I'd also question whether the intelligence agencies were damaged by the dodgy dossier, given that the "client" made it plain they wanted facts to fit a pre-determined policy. The agencies proved themselves to be obliging.

If governments valued independent expert advice, the corridors of Whitehall would not be thronged with McKinsey consultants and civil servants with Oxford PPEs.


The West is so complicit in mass murder all around the world that it seems to me they have no moral authority to lecture anyone about anything. So the fact they are proven liars is beside the point really.

The difference between our criminals and the tinpots who run the developed world is that our criminal leaders end up on the international speaking circuit and earning millions lobbying on behalf of 'defence' contractors. Whereas the tinpots often end up dead.

Oppose the imperialist criminals.


Lack of Evidence or an excuse for vacillation?


"That's the kind of proof that America and its allies processed from earlier, small-scale attacks that the White House described in equivocal tones, and declined to muster a military response to in retaliation."


"Making the case even more conclusive were the images of the missiles that supposedly delivered the deadly attacks. If they were carrying conventional warheads, they would have likely been all but destroyed as they detonated. But several missiles in East Ghouta were found largely intact."

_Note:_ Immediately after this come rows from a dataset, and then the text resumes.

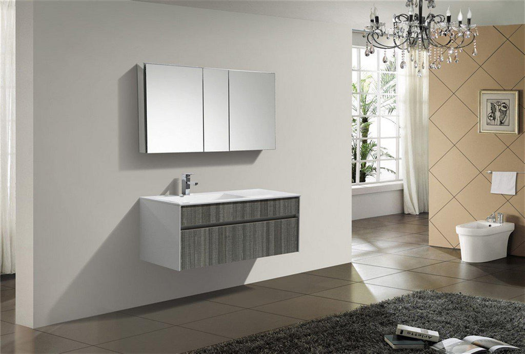 KubeBath Fitto 48 in. Ash Gray Wall Mount Modern Bathroom Vanity - Single Sink, S1200SHGASH
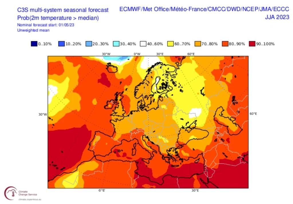 Til slutt ser vi på sommeren under ett, altså hele perioden fra juni til august. Vi har ikke egenproduserte kart for dette, men vi kan se på gratis tilgjengelige kart fra EU sin Copernicus-tjeneste for sesongvarsler. Her kan man velge å se på nær sagt hva man vil. Vi har plukket ut varselet for temperatur, i form av sannsynlighet for at det blir varmere enn normalt i sommer.
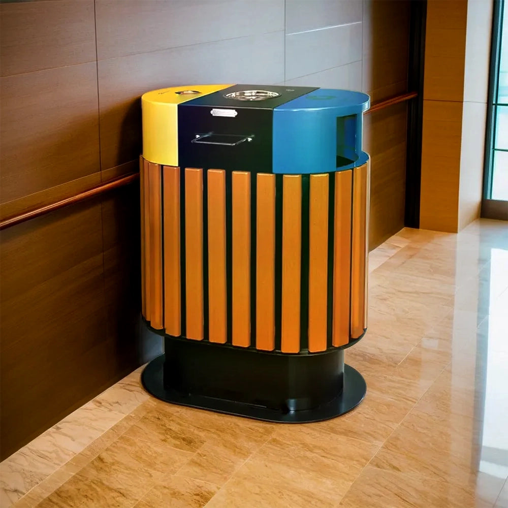 Discover unparalleled sophistication and efficiency with our Elegant Dual-Compartment Recycling Bin. Crafted from iron and finished with a powder coating, this bin is designed to resist bending and aging, ensuring enduring beauty. Its anti-corrosion process guarantees long-term functionality. Adhering to environmental norms, it features an eco-friendly paint. Our recycling bin blends seamlessly into any high-end environment.
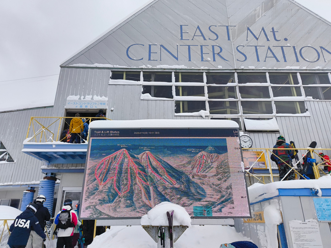 The East side has two mountains, East Mountain and Mount Isola. The carpark goes to the East Mountain Center Station, where you can pick up tickets or ride the gondolas. East Goldola #1 connects and eastern and western areas. East Gondola #2 goes up the mountain. The runs connect to the myriad of lifts on East Mountain and Mt Isola. There is night skiing on the West side, so it would be better to park on that side if you were planning on doing that.
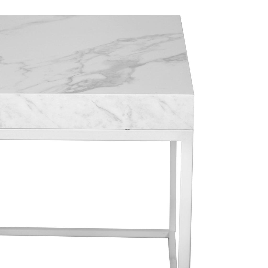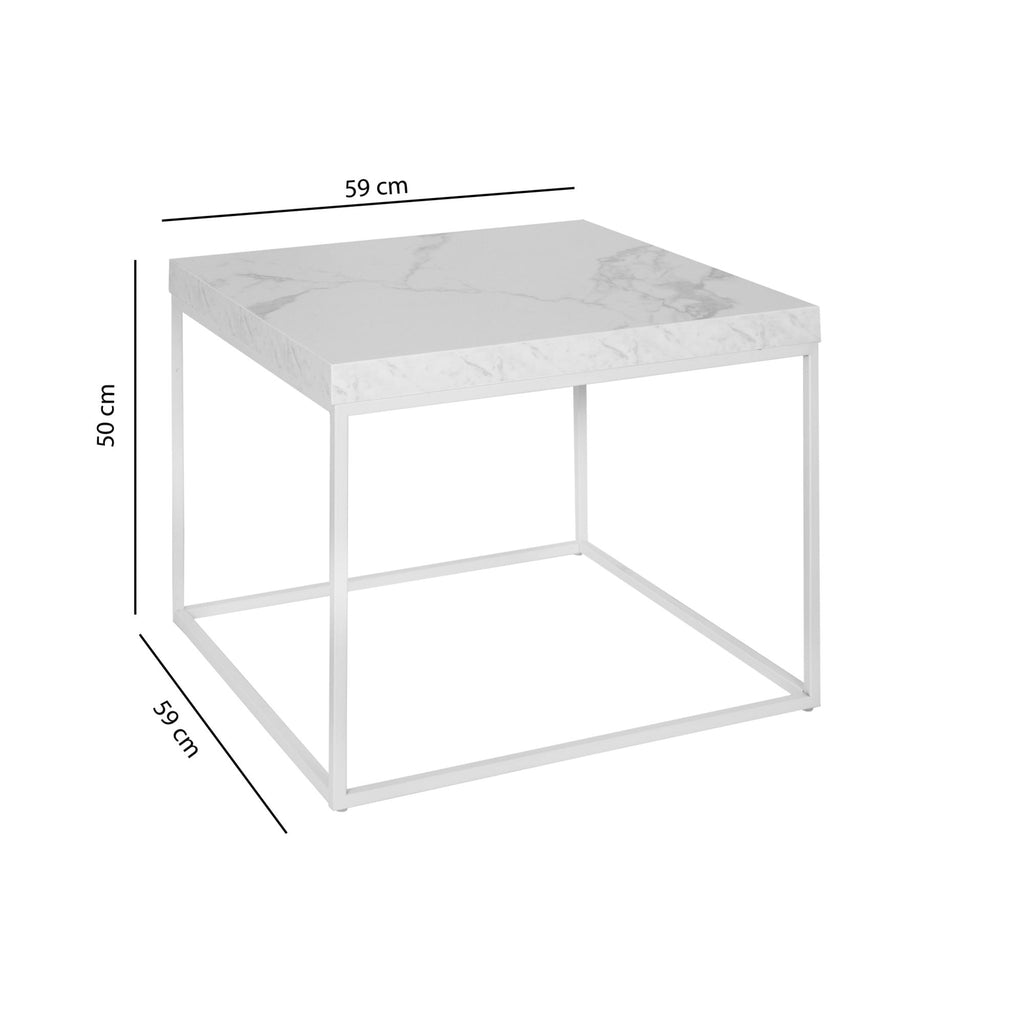Il tavolino squared presenta un design minimal e geometrico, il top in effetto marmo è sorretto da una struttura in metallo bianca, la sua forma ricorda quella del disegno di un cubo, la cui unica faccia coperta è appunto il piano in effetto marmo. Semplice, minimal e particolare al tempo stesso è ideale per living e soggiorni moderni.

"one in which the Syrian government was clearly to blame."

"All that is necessary for the triumph of evil is that good men do nothing." - Burke.


There are just so many historical responsibilities in the whole Mideast mess.
And it seems to me that more meddling in the region's warfare will not solve anything, if not escalate things to a worse level.
However - humanitarian aid might be some kind of "honorable" intervention that the West (hmmm France and Great Britain...?) could shoulder in order to partially redeem their historical sins.
Just my 2 euro cents' worth


"Whether these hypotheses are correct depends upon conditions on the ground in Syria, of which most people - including MPs - have insufficient knowledge."

After all, they have neither the time, nor the training, nor the inclination for strategic thought...


"The fact that everyone seems to have an opinion on Syria tells us more about the ease with which opinions are formed than it does about what is actually happening in Syria or about the nature of knowledge"

Omit "Syria" and replace it with Miley Cyrus, mass-immigration, the price of cheese, or virtually anything else, and that sentence is equally valid. Just another pseud trying to look clever by saying nothing conclusive or insightful whilst referencing his extensive awareness of the latest trendy psycho-social theories.